_WORK INSTRUCTIONS_.
Before printing, remove every picture; then print the lines below exactly, from the first line through the line containing "All clinical manifestations".

_Collected data_.
=-=-=
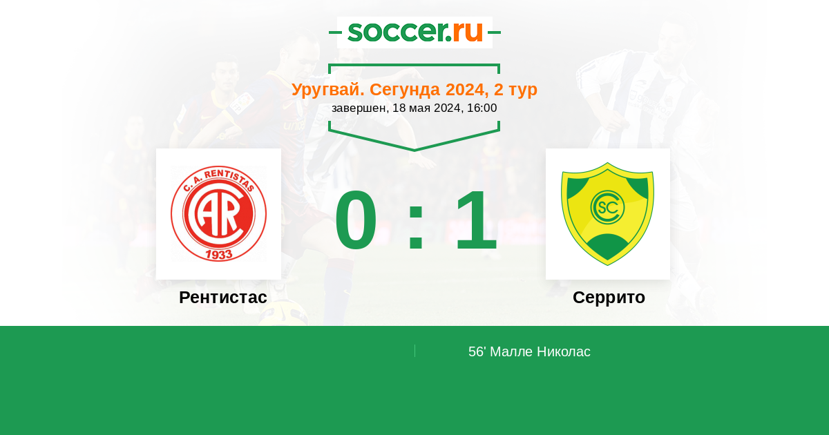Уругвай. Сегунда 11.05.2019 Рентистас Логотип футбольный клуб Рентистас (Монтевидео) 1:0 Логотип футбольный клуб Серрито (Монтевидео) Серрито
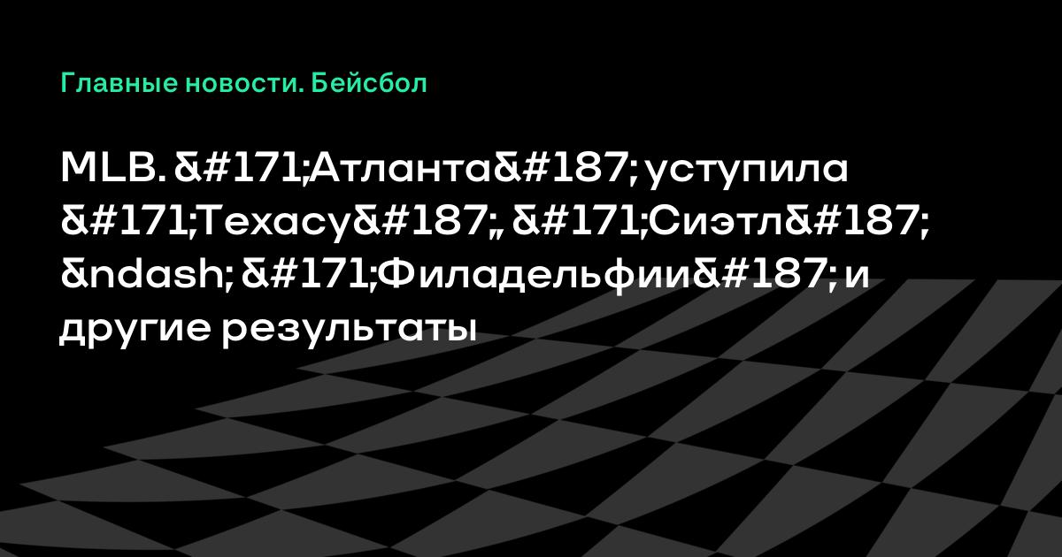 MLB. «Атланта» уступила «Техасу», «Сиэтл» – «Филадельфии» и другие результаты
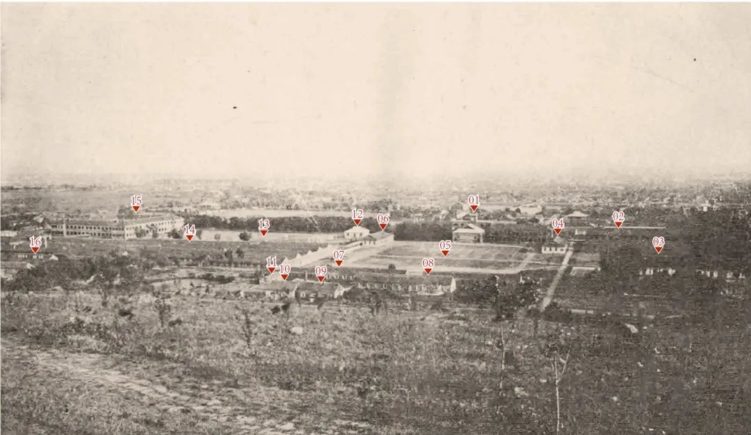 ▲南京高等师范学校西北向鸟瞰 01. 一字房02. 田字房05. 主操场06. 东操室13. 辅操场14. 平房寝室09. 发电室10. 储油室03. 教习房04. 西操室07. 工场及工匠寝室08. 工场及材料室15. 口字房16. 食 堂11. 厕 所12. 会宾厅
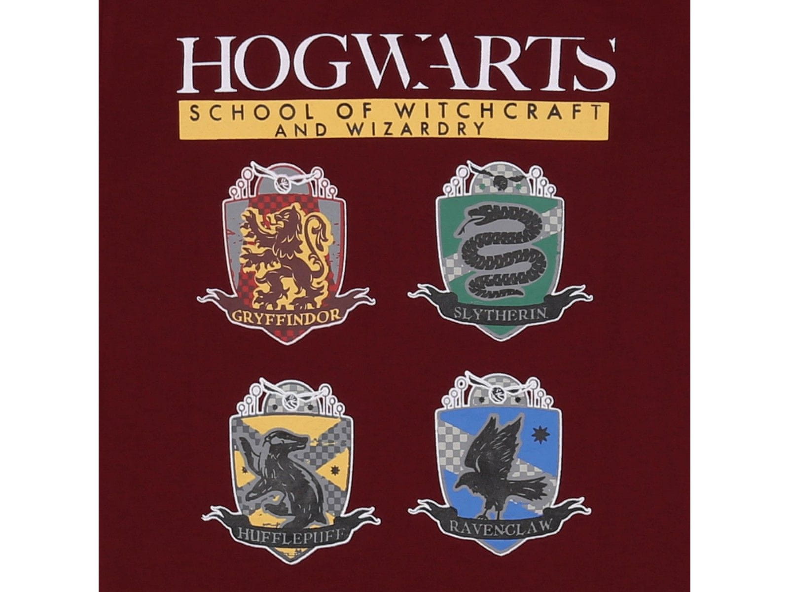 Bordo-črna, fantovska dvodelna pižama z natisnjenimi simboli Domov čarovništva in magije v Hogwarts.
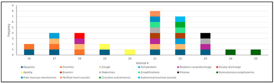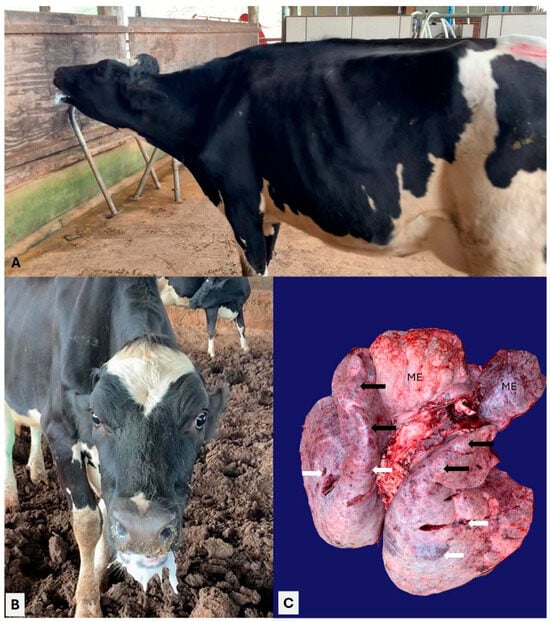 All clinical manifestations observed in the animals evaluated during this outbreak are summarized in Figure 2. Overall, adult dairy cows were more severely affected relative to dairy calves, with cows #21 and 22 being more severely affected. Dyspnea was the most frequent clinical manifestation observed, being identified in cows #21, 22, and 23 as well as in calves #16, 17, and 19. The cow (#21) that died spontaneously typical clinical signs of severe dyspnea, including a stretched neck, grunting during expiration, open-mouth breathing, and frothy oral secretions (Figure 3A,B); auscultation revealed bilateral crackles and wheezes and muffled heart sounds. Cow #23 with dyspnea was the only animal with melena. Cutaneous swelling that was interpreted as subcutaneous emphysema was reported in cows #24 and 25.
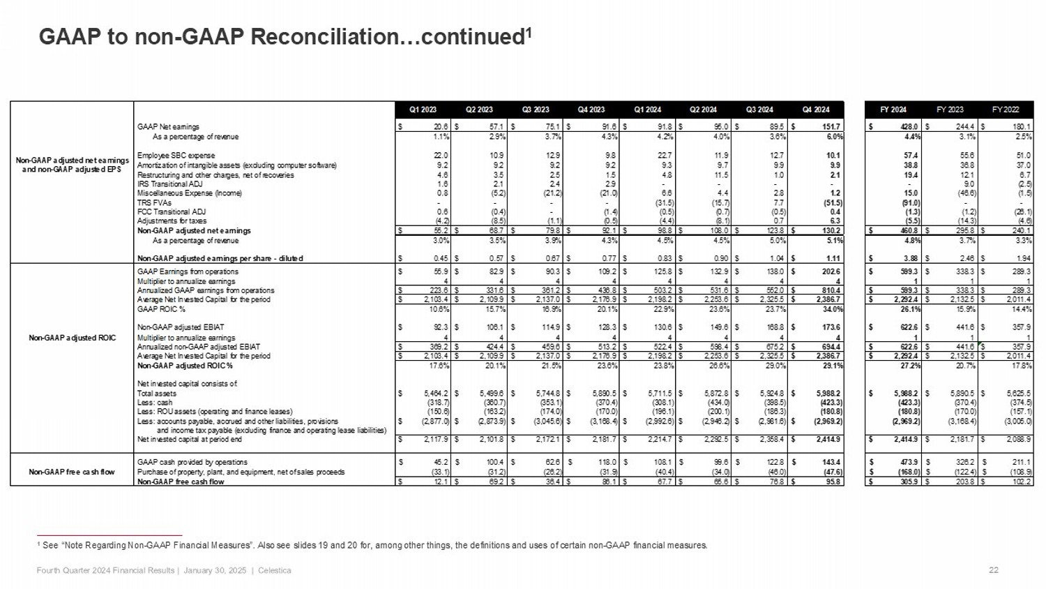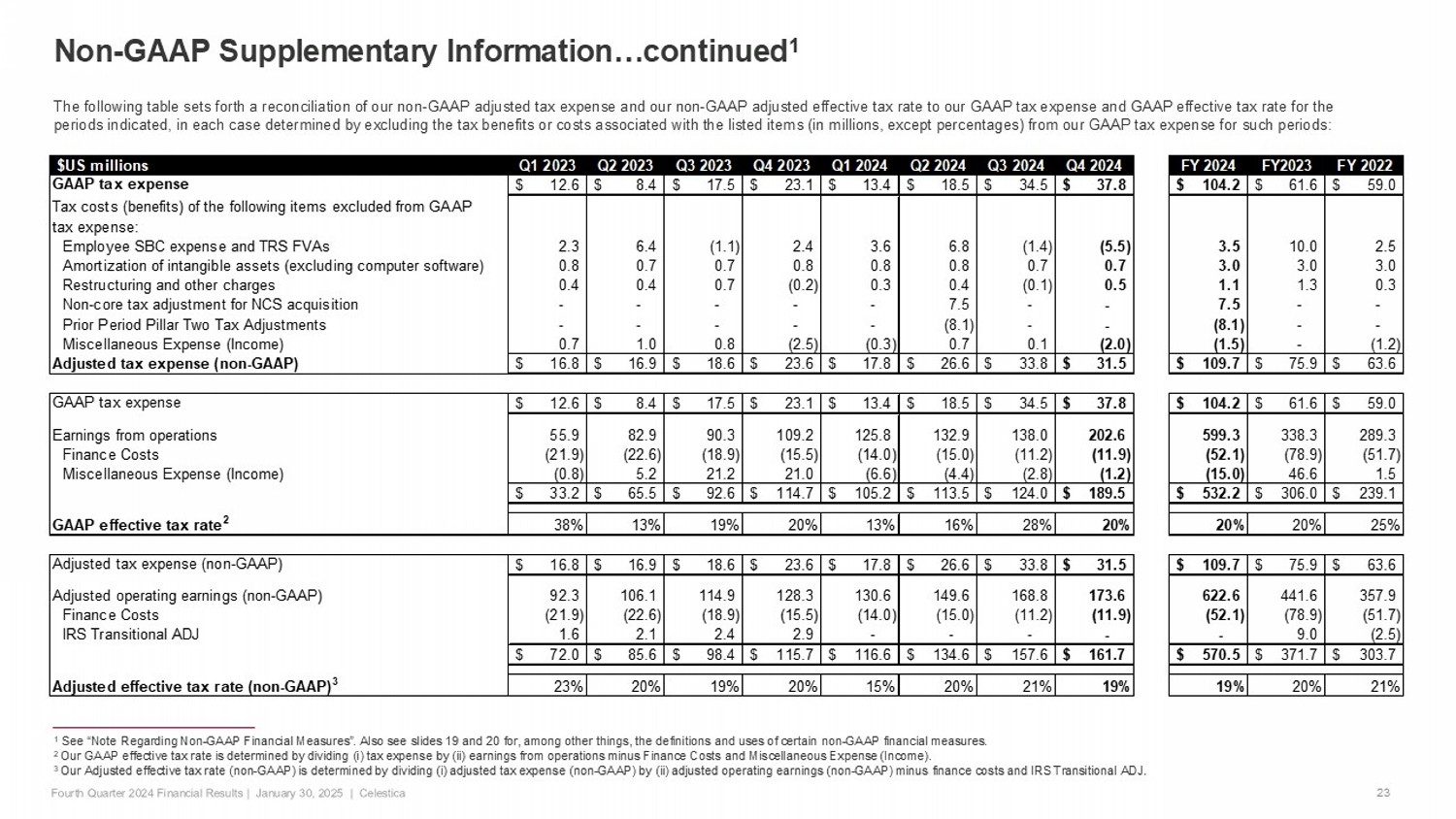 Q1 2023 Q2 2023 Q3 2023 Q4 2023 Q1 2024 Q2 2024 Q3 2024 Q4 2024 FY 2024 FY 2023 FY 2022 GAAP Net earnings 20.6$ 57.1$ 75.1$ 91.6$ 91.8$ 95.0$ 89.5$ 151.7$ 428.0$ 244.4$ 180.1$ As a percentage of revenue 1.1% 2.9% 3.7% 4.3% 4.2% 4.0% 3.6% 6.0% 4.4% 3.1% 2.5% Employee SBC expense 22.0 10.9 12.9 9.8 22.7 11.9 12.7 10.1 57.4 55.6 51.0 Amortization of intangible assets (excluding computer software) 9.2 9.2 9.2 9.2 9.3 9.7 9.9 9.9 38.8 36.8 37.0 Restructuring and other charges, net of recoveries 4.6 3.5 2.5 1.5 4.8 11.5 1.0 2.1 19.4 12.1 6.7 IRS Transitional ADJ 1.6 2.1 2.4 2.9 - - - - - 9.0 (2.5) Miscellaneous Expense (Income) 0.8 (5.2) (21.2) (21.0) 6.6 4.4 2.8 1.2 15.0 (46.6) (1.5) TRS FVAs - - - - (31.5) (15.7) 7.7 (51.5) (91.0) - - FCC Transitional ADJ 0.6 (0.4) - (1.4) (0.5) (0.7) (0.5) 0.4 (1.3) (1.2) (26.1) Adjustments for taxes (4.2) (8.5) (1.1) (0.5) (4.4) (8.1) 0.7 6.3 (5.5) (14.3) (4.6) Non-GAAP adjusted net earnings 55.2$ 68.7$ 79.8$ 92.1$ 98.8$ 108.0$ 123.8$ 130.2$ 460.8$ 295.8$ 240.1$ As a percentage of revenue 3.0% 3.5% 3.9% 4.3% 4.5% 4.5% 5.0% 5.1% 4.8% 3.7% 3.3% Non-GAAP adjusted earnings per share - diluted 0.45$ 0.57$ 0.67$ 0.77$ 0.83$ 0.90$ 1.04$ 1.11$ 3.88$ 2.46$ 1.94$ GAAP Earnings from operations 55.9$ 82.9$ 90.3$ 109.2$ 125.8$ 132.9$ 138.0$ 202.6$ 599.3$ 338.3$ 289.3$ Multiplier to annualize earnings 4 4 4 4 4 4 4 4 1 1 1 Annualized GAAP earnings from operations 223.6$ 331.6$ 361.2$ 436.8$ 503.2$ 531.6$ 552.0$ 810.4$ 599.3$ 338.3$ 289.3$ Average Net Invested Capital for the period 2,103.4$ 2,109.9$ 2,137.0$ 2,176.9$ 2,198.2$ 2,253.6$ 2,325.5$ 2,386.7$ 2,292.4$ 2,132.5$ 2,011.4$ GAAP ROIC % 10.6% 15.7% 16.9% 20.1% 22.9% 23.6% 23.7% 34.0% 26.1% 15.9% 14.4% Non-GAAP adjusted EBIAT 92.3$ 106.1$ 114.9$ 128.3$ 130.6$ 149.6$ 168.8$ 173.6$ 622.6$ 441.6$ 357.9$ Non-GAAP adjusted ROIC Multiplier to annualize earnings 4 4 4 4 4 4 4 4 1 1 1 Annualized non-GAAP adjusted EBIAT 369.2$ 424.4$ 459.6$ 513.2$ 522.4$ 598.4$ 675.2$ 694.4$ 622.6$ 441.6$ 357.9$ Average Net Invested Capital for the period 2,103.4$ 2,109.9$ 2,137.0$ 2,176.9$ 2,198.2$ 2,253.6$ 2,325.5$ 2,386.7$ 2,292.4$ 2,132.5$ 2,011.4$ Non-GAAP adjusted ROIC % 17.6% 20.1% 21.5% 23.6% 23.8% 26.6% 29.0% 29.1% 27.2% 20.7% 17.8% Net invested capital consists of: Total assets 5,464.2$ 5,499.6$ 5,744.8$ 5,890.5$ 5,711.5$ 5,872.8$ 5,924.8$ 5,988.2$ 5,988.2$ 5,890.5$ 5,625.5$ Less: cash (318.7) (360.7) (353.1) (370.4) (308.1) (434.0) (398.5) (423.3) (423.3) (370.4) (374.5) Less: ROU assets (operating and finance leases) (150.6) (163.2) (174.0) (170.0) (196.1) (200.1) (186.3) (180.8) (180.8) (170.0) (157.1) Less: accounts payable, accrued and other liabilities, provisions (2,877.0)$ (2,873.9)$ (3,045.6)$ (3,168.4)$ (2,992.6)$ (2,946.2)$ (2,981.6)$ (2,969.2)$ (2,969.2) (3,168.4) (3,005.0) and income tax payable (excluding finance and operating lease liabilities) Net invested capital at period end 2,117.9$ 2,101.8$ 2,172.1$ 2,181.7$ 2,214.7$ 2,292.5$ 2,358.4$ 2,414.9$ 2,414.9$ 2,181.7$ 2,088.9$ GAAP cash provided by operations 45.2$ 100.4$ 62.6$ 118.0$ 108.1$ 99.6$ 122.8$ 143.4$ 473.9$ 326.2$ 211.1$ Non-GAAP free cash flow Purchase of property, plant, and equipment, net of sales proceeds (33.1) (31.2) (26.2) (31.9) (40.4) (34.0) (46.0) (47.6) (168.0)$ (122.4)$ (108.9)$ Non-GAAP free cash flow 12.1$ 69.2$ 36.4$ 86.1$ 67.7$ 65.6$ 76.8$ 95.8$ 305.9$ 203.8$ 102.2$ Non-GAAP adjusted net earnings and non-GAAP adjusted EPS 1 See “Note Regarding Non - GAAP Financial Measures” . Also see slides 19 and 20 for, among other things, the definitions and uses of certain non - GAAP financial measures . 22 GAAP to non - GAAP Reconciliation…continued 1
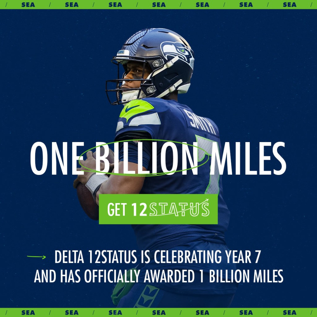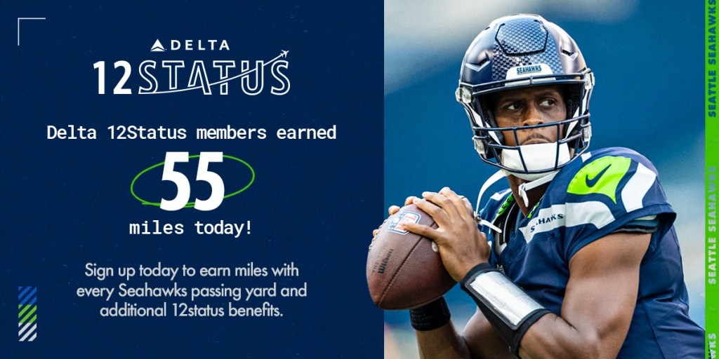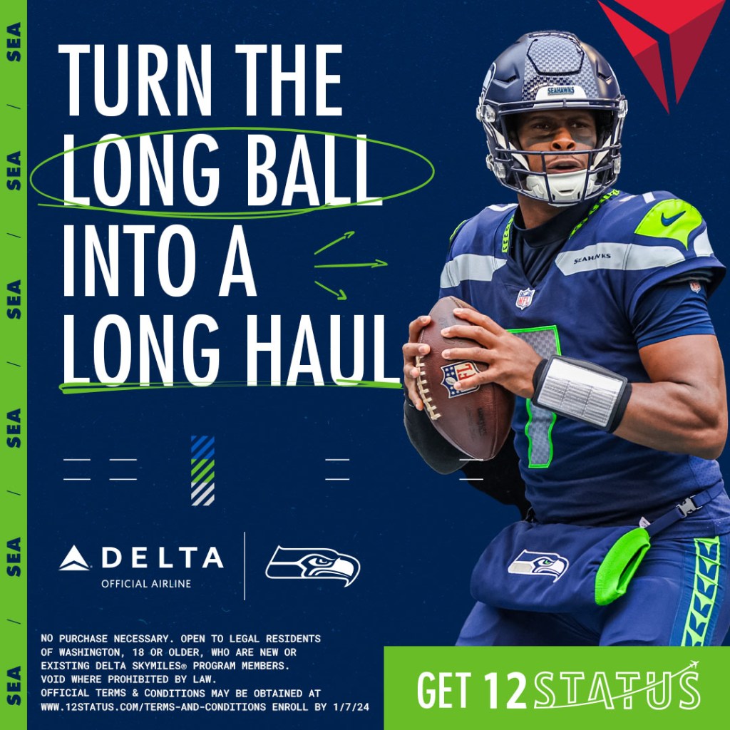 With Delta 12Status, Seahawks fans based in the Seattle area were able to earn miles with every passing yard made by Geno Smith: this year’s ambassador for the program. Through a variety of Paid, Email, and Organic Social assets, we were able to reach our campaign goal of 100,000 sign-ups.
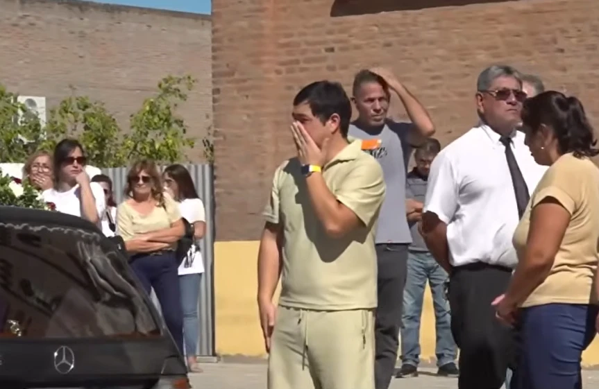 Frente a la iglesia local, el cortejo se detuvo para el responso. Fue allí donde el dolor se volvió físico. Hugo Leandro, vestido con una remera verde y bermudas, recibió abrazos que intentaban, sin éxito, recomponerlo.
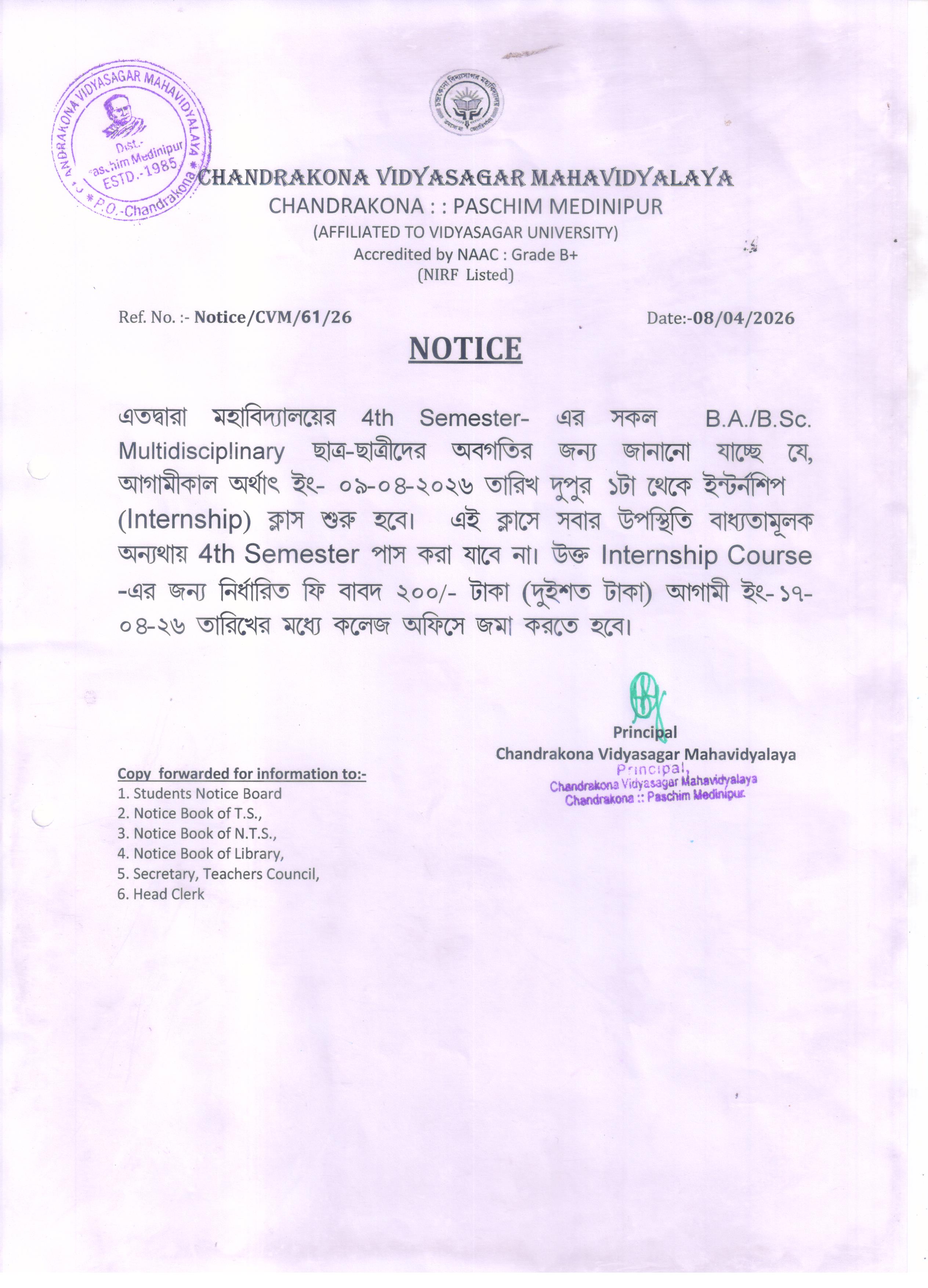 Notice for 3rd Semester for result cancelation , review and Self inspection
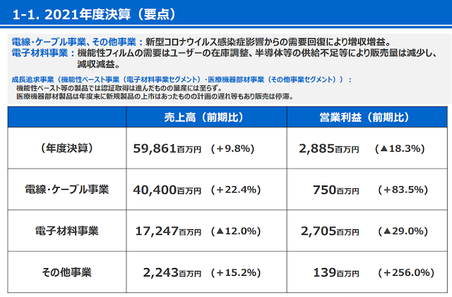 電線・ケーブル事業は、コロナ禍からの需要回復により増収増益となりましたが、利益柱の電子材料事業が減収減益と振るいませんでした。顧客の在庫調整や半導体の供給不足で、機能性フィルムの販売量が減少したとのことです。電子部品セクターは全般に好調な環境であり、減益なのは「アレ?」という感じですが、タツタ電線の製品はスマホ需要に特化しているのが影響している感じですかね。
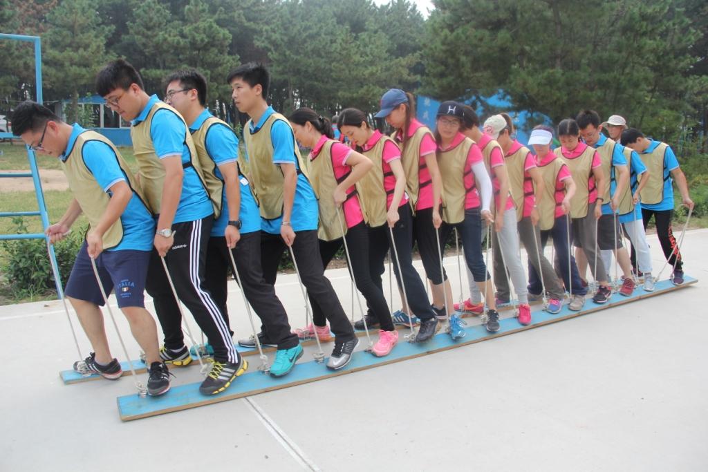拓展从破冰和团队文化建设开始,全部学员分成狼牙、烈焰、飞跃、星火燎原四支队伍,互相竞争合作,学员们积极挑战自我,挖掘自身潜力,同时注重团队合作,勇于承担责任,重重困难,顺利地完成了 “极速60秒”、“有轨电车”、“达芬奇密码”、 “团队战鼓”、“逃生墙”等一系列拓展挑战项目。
=-=-=
_RESPONSE AREA_.
Уругвай. Сегунда 11.05.2019 Рентистас Логотип футбольный клуб Рентистас (Монтевидео) 1:0 Логотип футбольный клуб Серрито (Монтевидео) Серрито
 MLB. «Атланта» уступила «Техасу», «Сиэтл» – «Филадельфии» и другие результаты
 ▲南京高等师范学校西北向鸟瞰 01. 一字房02. 田字房05. 主操场06. 东操室13. 辅操场14. 平房寝室09. 发电室10. 储油室03. 教习房04. 西操室07. 工场及工匠寝室08. 工场及材料室15. 口字房16. 食 堂11. 厕 所12. 会宾厅
 Bordo-črna, fantovska dvodelna pižama z natisnjenimi simboli Domov čarovništva in magije v Hogwarts.
 All clinical manifestations observed in the animals evaluated during this outbreak are summarized in Figure 2. Overall, adult dairy cows were more severely affected relative to dairy calves, with cows #21 and 22 being more severely affected. Dyspnea was the most frequent clinical manifestation observed, being identified in cows #21, 22, and 23 as well as in calves #16, 17, and 19. The cow (#21) that died spontaneously typical clinical signs of severe dyspnea, including a stretched neck, grunting during expiration, open-mouth breathing, and frothy oral secretions (Figure 3A,B); auscultation revealed bilateral crackles and wheezes and muffled heart sounds. Cow #23 with dyspnea was the only animal with melena. Cutaneous swelling that was interpreted as subcutaneous emphysema was reported in cows #24 and 25.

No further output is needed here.